▶ [What to do]: Output nothing but the lines from the one holding "Stylish shoulder bag" to the end of the listing. Reproduce them exactly, without the pictures.

▶ [Working data]:
+ + + + +

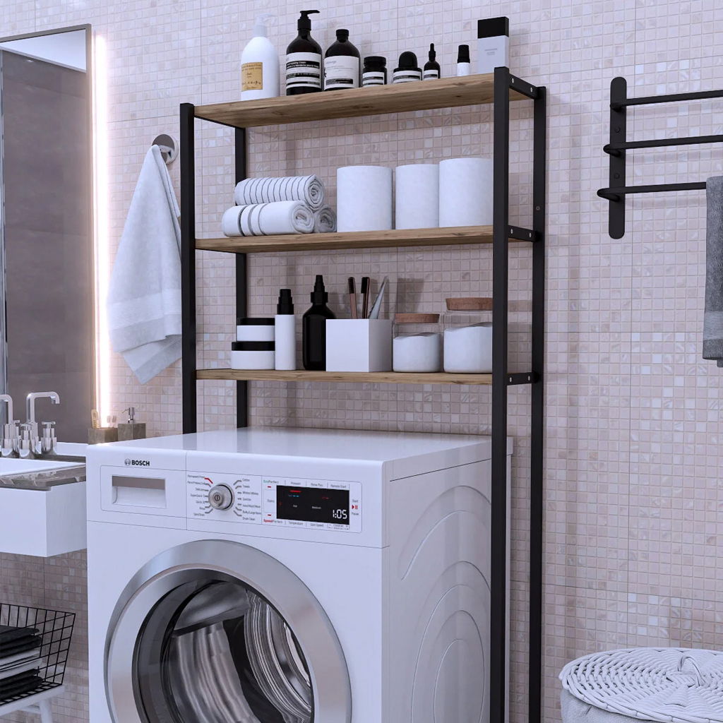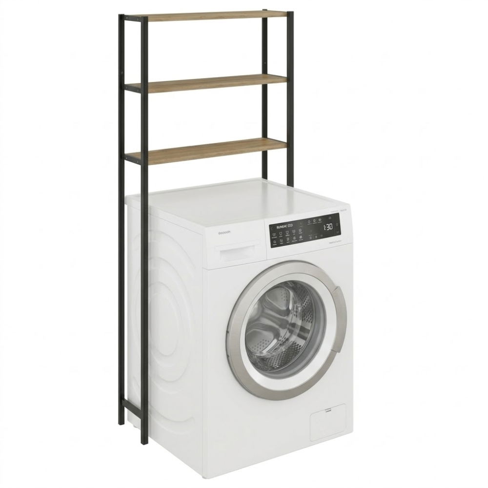 Etajera pentru Masina de Spalat cu 3 polite, 150cm x 69cm x 20cm, Metal + MDF, Organizator Multifunctional pentru Baie, Spatii Inguste, Ideal pentru prosoape sau produse de igiena, Negru/Lemn
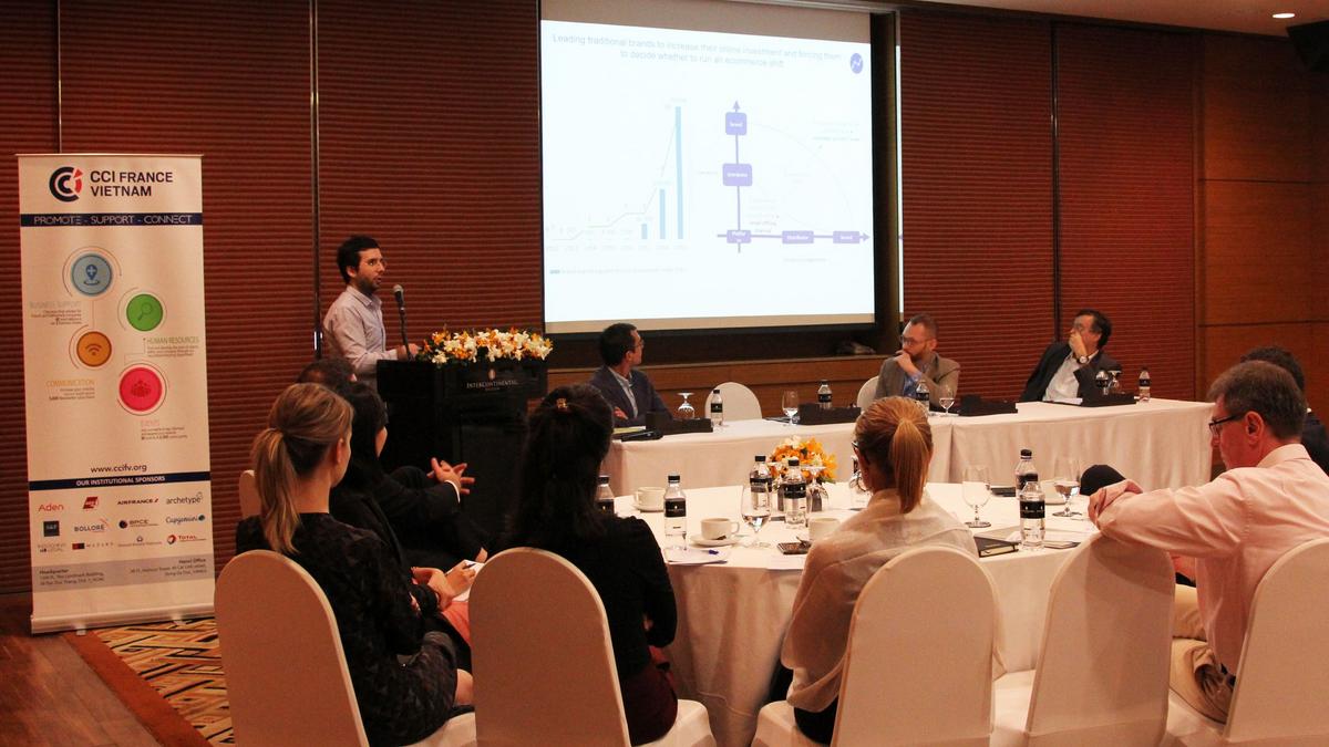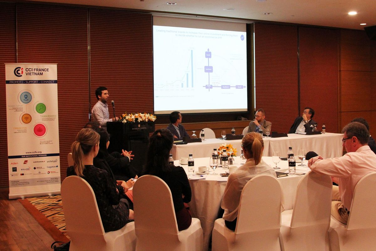 To these three challenges, Thibaut GIROUX, the CCIFV’s Chairman added the fourth aspect : the human resource issue, or how companies keep their employees loyal in a competitive business environment. Mr. GIROUX also pointed out the digital transformation in Vietnam which he considered « is coming twice as fast as we think ». The country now ranks 5th in the region in terms of Internet and Social media penetration, and the digital brings market disruption in the service industry and drives online consumption, according to Xavier DEPOUILLY, Founder of Indochina Research. In line with this opinion, David NOMBER, Founder of Customore. Co, underlined the fact that nowadays, leading traditional brands in Vietnam have to think of E-commerce as a strategic growth lever instead of a small online channel. French companies in Vietnam like Metiseko also implement mid & long term digital business strategies to enhance visibility and build consumer trust.
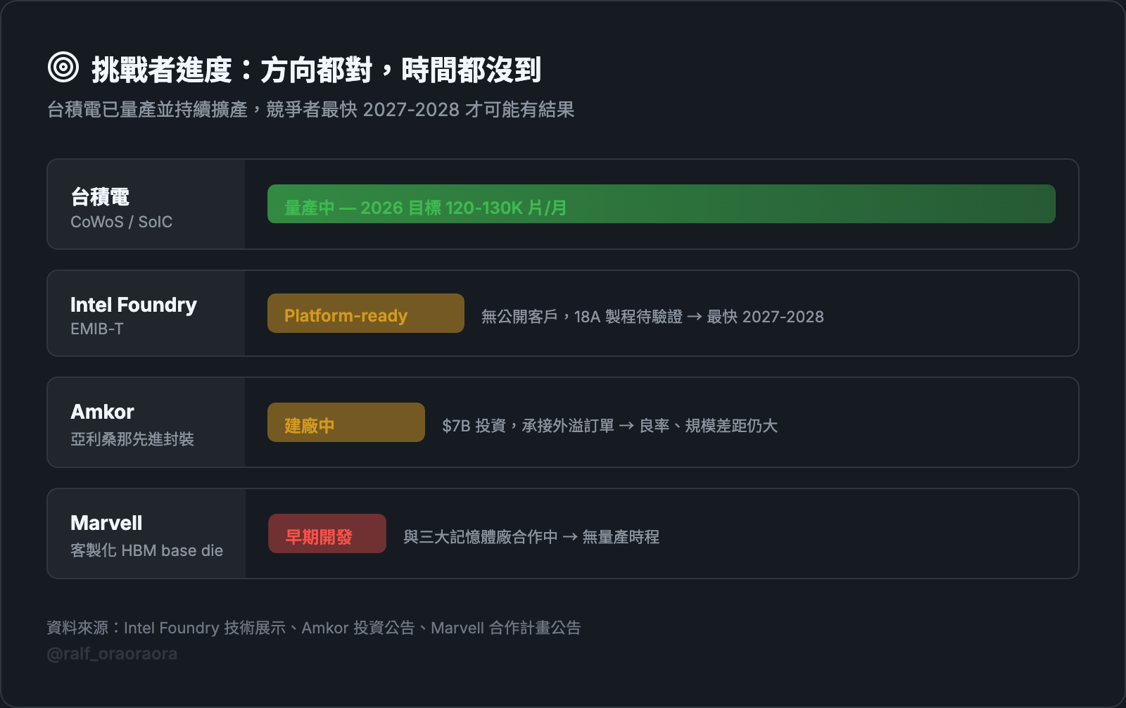 如果有一家主要客戶(例如 Amazon 的自研晶片或某家 ASIC 設計商)選擇 Intel 而不是台積電的封裝,那就是壟斷出現裂縫的第一個訊號。
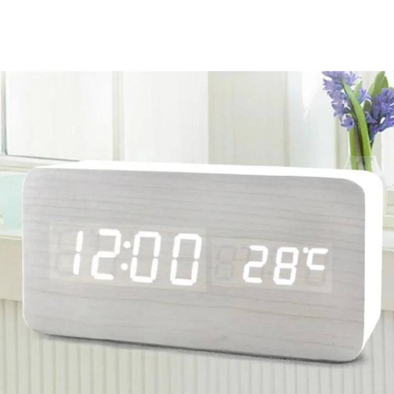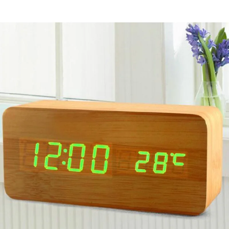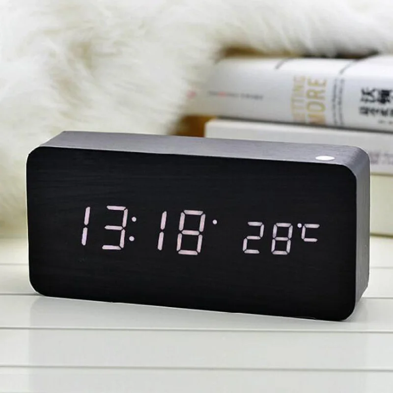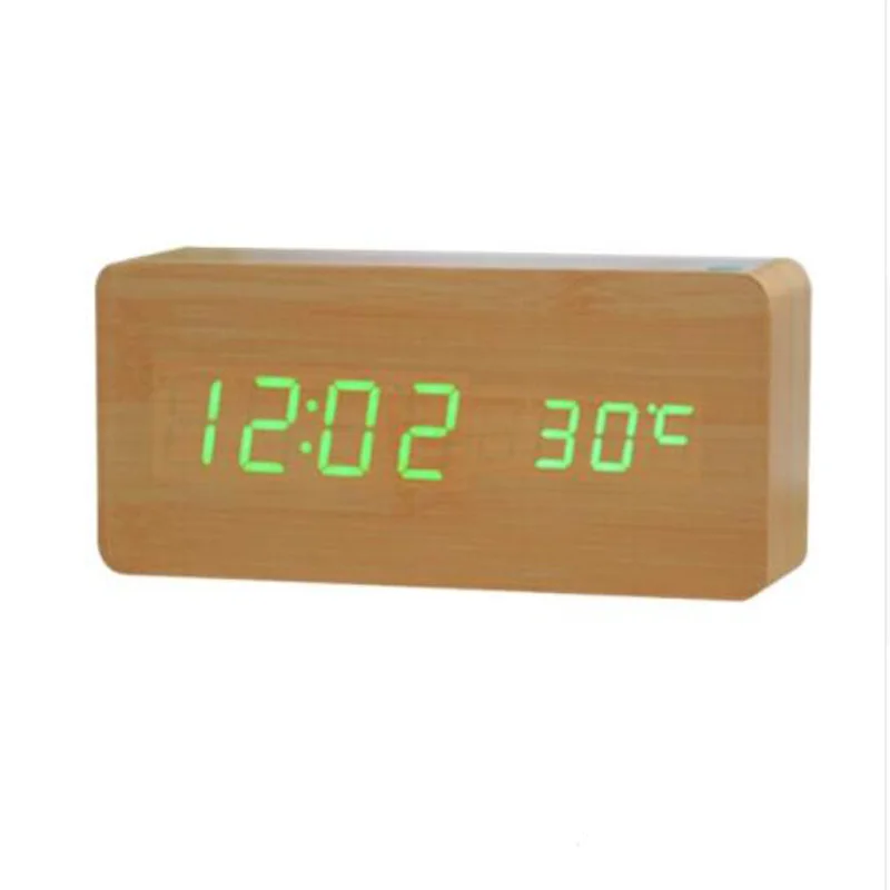 Special Offer Cyfrowy budzik led Despertador kontrola dźwięku wyświetlacz temperatury USB AAA elektroniczny drewniany zegar biurkowy 4 kolory Discount 33% Today!
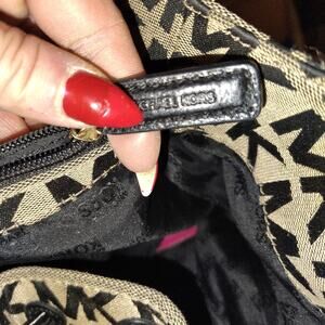 Stylish shoulder bag with iconic MK logo. Features black leather accents and gold hardware. Perfect for everyday use.
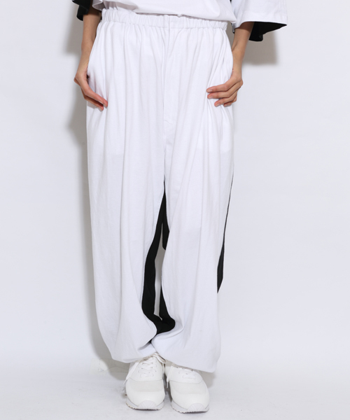 前後が黒✖白の配色パンツは、色々な表情が楽しめる一枚。前後でガラリと印象を変えて頂けます。ルーズなシルエットで、メンズにもオススメのアイテムです。 ※画像の商品はサンプルです。

+ + + + +

▶ [Solved problem]:
 Stylish shoulder bag with iconic MK logo. Features black leather accents and gold hardware. Perfect for everyday use.
 前後が黒✖白の配色パンツは、色々な表情が楽しめる一枚。前後でガラリと印象を変えて頂けます。ルーズなシルエットで、メンズにもオススメのアイテムです。 ※画像の商品はサンプルです。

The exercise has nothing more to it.